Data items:
_ _ _

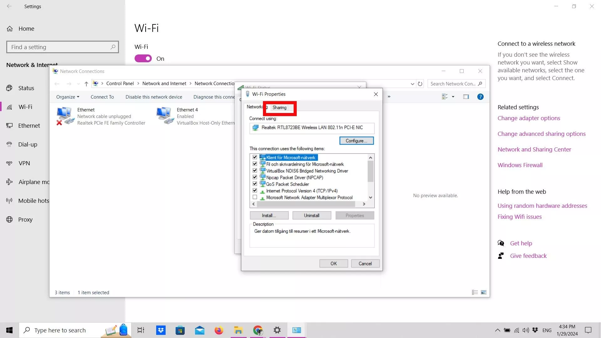5 veiksmas: „Wi-Fi“ ypatybėse eikite į skirtuką „Bendrinimas“.
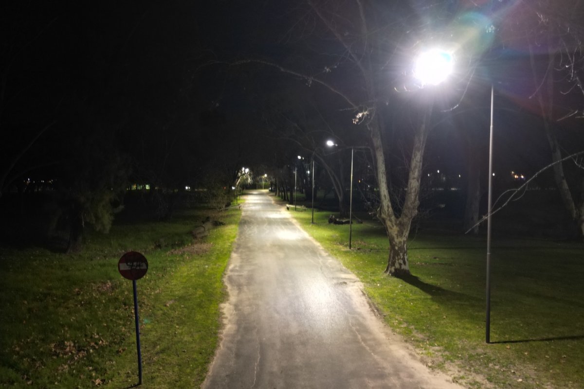 Instalaron nuevas luminarias en el Parque Unzué para brindar más seguridad durante la noche
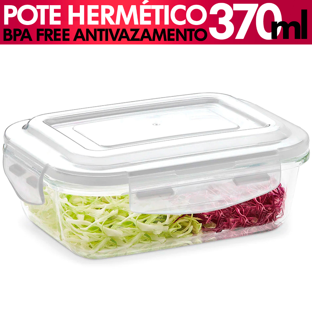 Pote De Vidro Hermetico 370ml Retangular BPA Free Tampa Plastica Armazenar E Conservar Alimentos Freezer Microondas
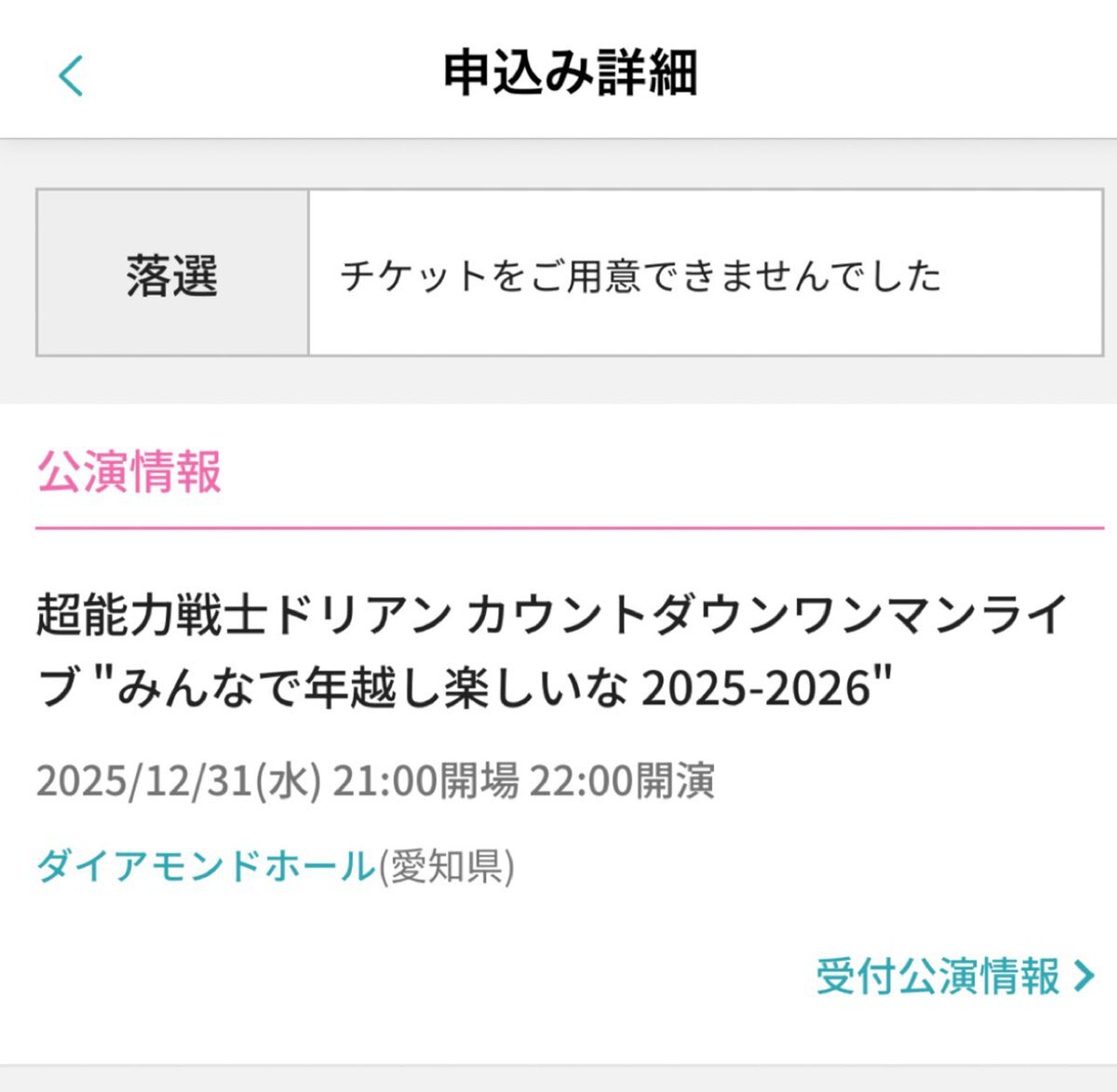 当選した👏 年越しライブ初めてやから楽しみ 前回のライブで彼氏が超能力戦士ドリアン好きになってくれたので一緒に行きます🍑 #みんなで年越し楽しいな
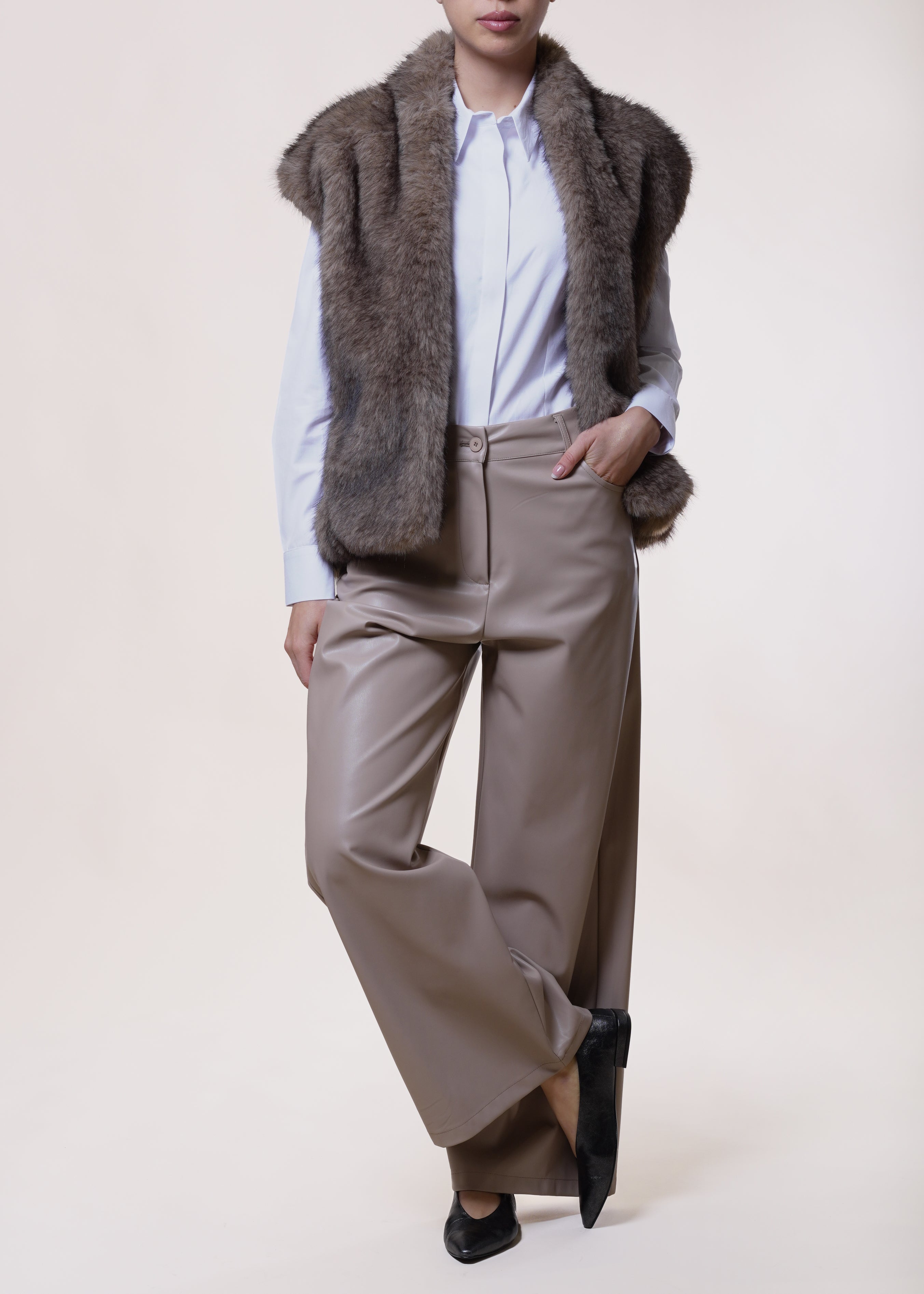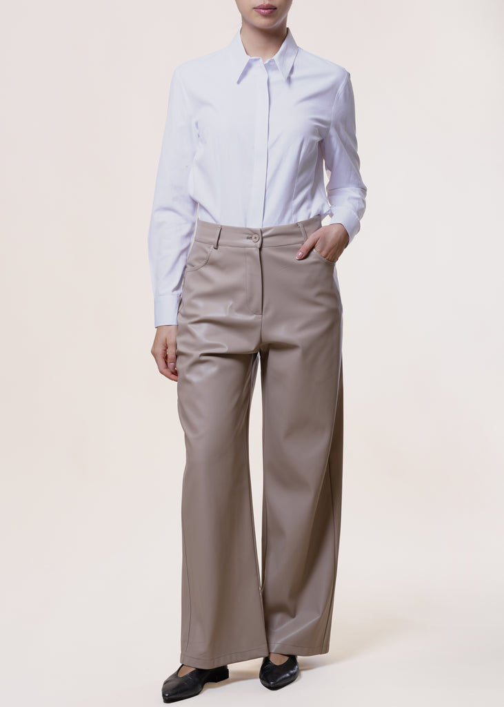 Dixie - Pantalone wide leg in eco-pelle - CREMA

_ _ _

### TASK
Here the job is to print all the entries above exactly, minus the images.

### EXERCISE OUTPUT
5 veiksmas: „Wi-Fi“ ypatybėse eikite į skirtuką „Bendrinimas“.
 Instalaron nuevas luminarias en el Parque Unzué para brindar más seguridad durante la noche
 Pote De Vidro Hermetico 370ml Retangular BPA Free Tampa Plastica Armazenar E Conservar Alimentos Freezer Microondas
 当選した👏 年越しライブ初めてやから楽しみ 前回のライブで彼氏が超能力戦士ドリアン好きになってくれたので一緒に行きます🍑 #みんなで年越し楽しいな
 Dixie - Pantalone wide leg in eco-pelle - CREMA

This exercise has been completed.